In hoger beroep heeft appellant betoogd dat zijn klachten en beperkingen zijn onderschat door de verzekeringsarts en de bezwaarverzekeringsarts. Hij acht zich niet in staat tot het verrichten van arbeid, gelet op de combinatie van zijn psychische en lichamelijke klachten. In hoger beroep is verwezen naar de gronden die hij in bezwaar en in beroep heeft aangevoerd en naar de rapporten van (para)medische experts en behandelaars die appellant in bezwaar en beroep heeft ingebracht. Appellants hoger beroep richt zich tegen het aan het bestreden besluit ten grondslag liggende verzekeringsgeneeskundige onderzoek. Over de arbeidskundige grondslag van het bestreden besluit wordt niet geklaagd.
Met de rechtbank is de Raad van oordeel dat uit de door appellant overgelegde rapportages niet kan worden afgeleid dat zijn functionele mogelijkheden en daarmee zijn belastbaarheid zijn overschat. De door appellant ingebrachte rapportages bevatten naar het oordeel van de Raad geen objectieve medische gegevens die erop duiden dat appellant meer of ernstiger beperkingen heeft dan door het Uwv is aangenomen, laat staan dat hij in het geheel niet tot het verrichten van arbeid in staat zou zijn.

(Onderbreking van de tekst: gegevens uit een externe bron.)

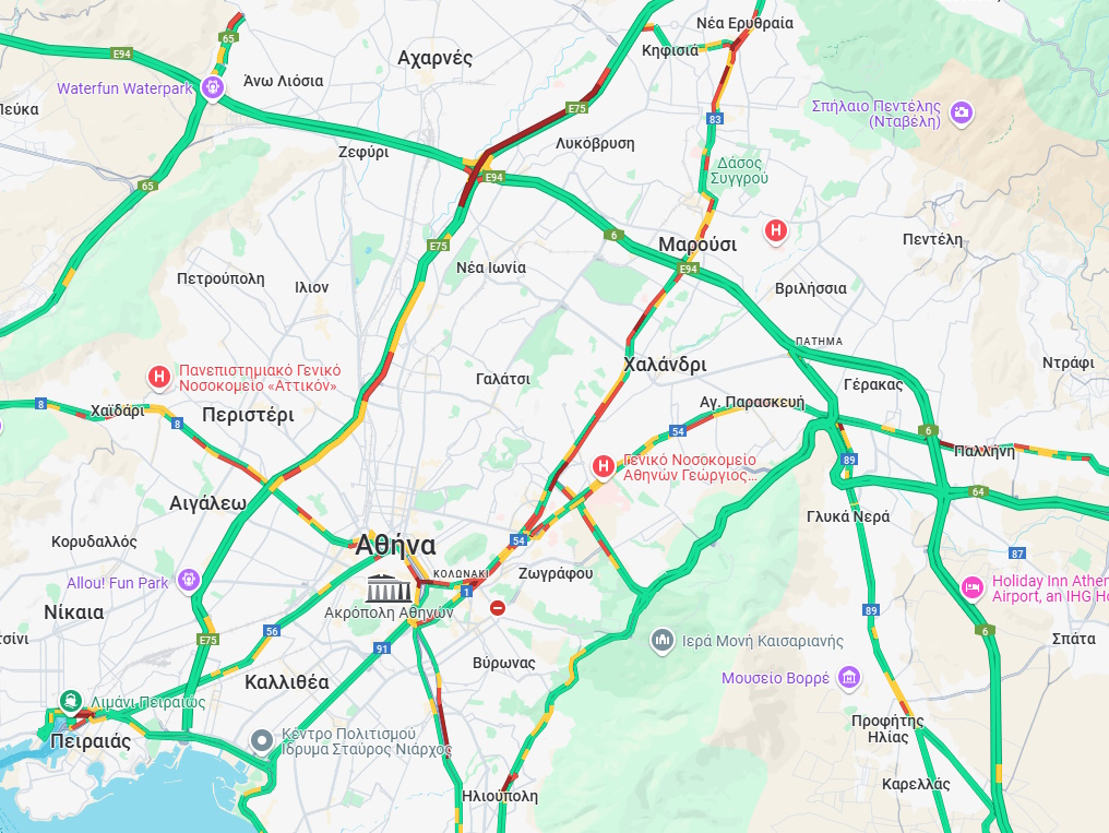 Άμεση ενημέρωση για την κίνηση στους κεντρικούς δρόμους της Αττικής, τις καθυστερήσεις στην κυκλοφορία των οχημάτων, το μποτιλιάρισμα, τα τροχαία.

De Raad wijst in dit verband op de door appellant in beroep ingebrachte rapporten van de neuroloog dr. E.L.E.M Bollen en van neuropsycholoog prof.dr. H.A.M. Middelkoop. Bollen concludeert dat er van een post-whiplash syndroom met restklachten sprake is, maar niet van objectiveerbare restverschijnselen. Middelkoop concludeert dat er geen aanwijzingen zijn voor neuropsychologische functiestoornissen die passend zijn bij organisch cerebraal disfunctioneren. In geen van beide rapporten is aangegeven dat appellant in het geheel niet tot het verrichten van arbeid in staat zou zijn. De Raad is van oordeel dat deze rapporten geen concrete aanwijzingen bevatten voor andere of ernstiger beperkingen dan die welke zijn neergelegd in de functionele mogelijkhedenlijst van
7 augustus 2003.
Het voorgaande leidt de Raad tot de slotsom dat het hoger beroep niet slaagt en dat de aangevallen uitspraak, voorzover aangevochten, voor bevestiging in aanmerking komt.
De Raad acht geen termen aanwezig om toepassing te geven aan artikel 8:75 van de Algemene wet bestuursrecht.
III. BESLISSING
De Centrale Raad van Beroep,
Recht doende:
Bevestigt de aangevallen uitspraak, voorzover aangevochten.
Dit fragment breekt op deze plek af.